We are looking for bid proposals at this time for the 2009-2010 snow season for a commercial account that we currently hold. It is crucial that we have the information all put together before the snow season begins.

They are a national retail chain and have locations in the following: 
Burlington,MA
Pembroke,MA
Framingham,MA
Taunton,MA
West Springfield,MA
Plymouth,MA
Stoughton,MA
Lisbon,CT
Manchester,CT
Plainville,CT
Canton,CT
Waterbury,CT
Yonkers,NY
Bedford Hills,NY
Cortlandt Manor,NY
Port Chester,NY
Rocky Point,NY
Hooksett,NH
Rochester,NH

Please have commercial references available as they will be requested by our company.

If interested please send us an e-mail with the appropriate contact information. Thanks [email protected]


----------



## DeVries

Wow look guy's WORK!!!!!!!!

To bad the cheapest price get's it LOL


----------



## Luther

How about a little background info.............who/what is NMS?


----------



## RLM

He's advertising on Craigslist (Rochester NY) as well & I don't believe any of those sites are in the area of Rochester (northwest NY).


----------



## grandview

with National Maintenance Systems. We represent a large national corporation to provide snow removal services for this upcoming winter (2009-2010). Please Review the attached Scope of Work.



There are a wide variety of store configurations so to make things easier, our pricing request is very simple. We are asking for a seasonal price. Below are the Kohl's Department stores we need bid's for.

393


Yonkers,NY


2350 Central Park Ave


NY

394


Bedford Hills,NY


777 Bedford Rd


NY

395


Cortlandt Manor,NY


3008 East Main St


NY

397


Port Chester,NY


431 Boston Post Rd


NY

516


Rocky Point,NY


346 Rte 25A Ste 130


NY






I got this in a e mail to day. Same company.


----------



## Luther

Some do advocate the easy way to get multiple, cheap proposals.

Maybe they should try the reverse auction..........plenty who will play that game.


----------



## clincoln

National Maintence Systems Inc is a national property maintenance company performing Snow Removal and Landscaping services to large chain stores.
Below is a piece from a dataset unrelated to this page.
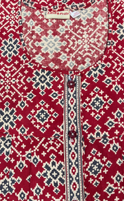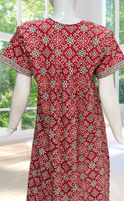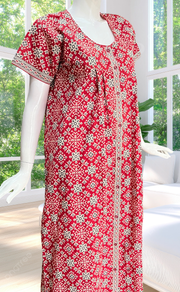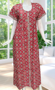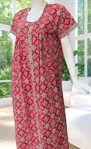 Red Ethnic Print Full Open Pure Cotton Nighty. Pure Cotton | Laces and Frills

Sam Montes no longer works for this company. If you want further information about plowing the 2009 - 2010 season please contact our customer service department at [email protected] or check out our web site at http://www.nationalmaintsys.com/

Thanks


----------



## snowbrothers101

Your website is funny. You have a major spelling error on your home page.


----------



## clincoln

Yes I know, tech guys don't always ask the users opinion prior to publishing. They say they are still building the site.
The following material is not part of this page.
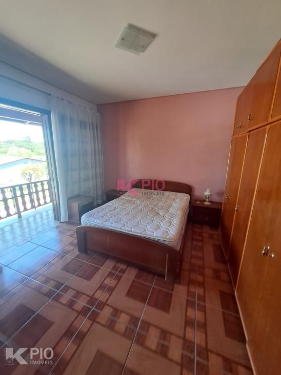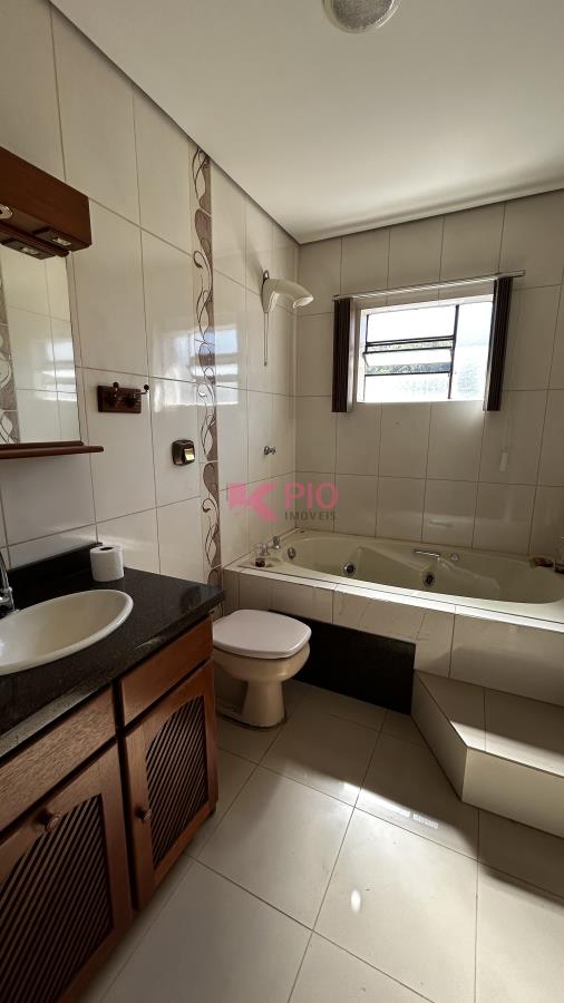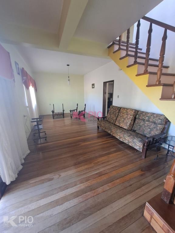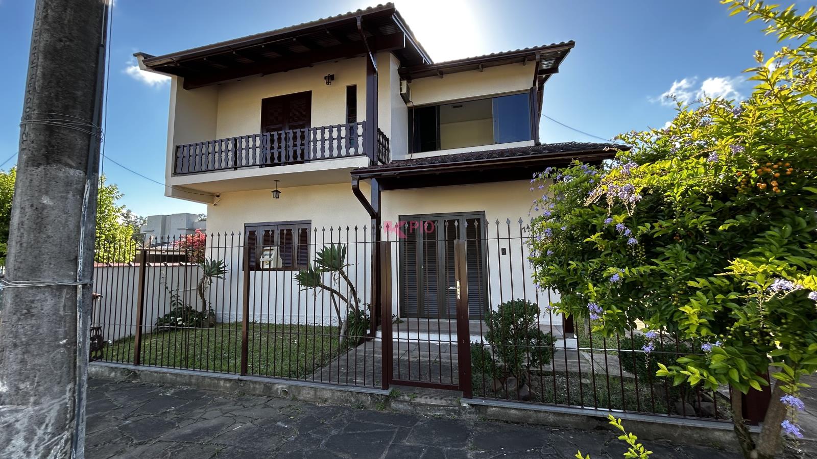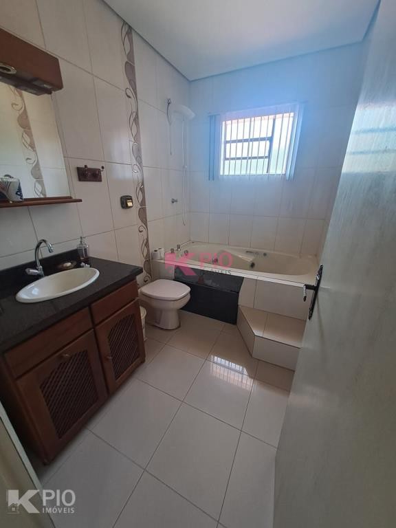 Casa de alvenaria com 3 dormitórios, 4 banheiros, sala de estar, sala de jantar, cozinha, área de serviço, escritório e garagem coberta.

Glad you also noticed it b/c I thought I was the only one.


----------



## North Country

*FYI on NMS!*

National Maintenance Systems is East Coast Lot and Pavement Maintenance (Rhode Island) -

FYI - They still have not paid many contractors for the Family Dollar account from last season; this was their (NMS) first national account and are already not paying. East Coast was managing the FD account for SMS Assist (Chicago) who claims to have paid East Coast all monies owed.
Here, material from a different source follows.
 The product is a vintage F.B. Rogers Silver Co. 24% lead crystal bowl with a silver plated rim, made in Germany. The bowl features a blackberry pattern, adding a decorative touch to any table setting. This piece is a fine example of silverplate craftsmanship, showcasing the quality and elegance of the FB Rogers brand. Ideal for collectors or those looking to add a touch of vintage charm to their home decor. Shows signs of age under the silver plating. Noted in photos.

I do not recommend working for East Coast or NMS - Be Careful!


----------



## WMHLC

I worked for them doing a couple family dollar's last year. They where very easy to work with, and they paid in about 25days. I would work with them again if they called. Made a nice profit on the lots too.


----------



## procut1

Everyones jumping on the national bandwagon.

Maybe I should try next.


----------



## Ne1

JMO, I would never work for a national company. These companies are bringing down prices nationwide and expecting the small guys to go out and do all there work.


----------



## forestfireguy

Me smells a seemingly well deserved lawsuit on the way!!!!!!!


----------



## JpLawn

I bid a khols for them in seabrook, NH. It is 5-6 acres. I gave them my price and 2 days later received a email saying my price was to high. I knew it would be. But I was shocked when I was told there target price was $17,500. They said that there was several bids in that price range. Not mine. Now after reading who they are I'm running.


----------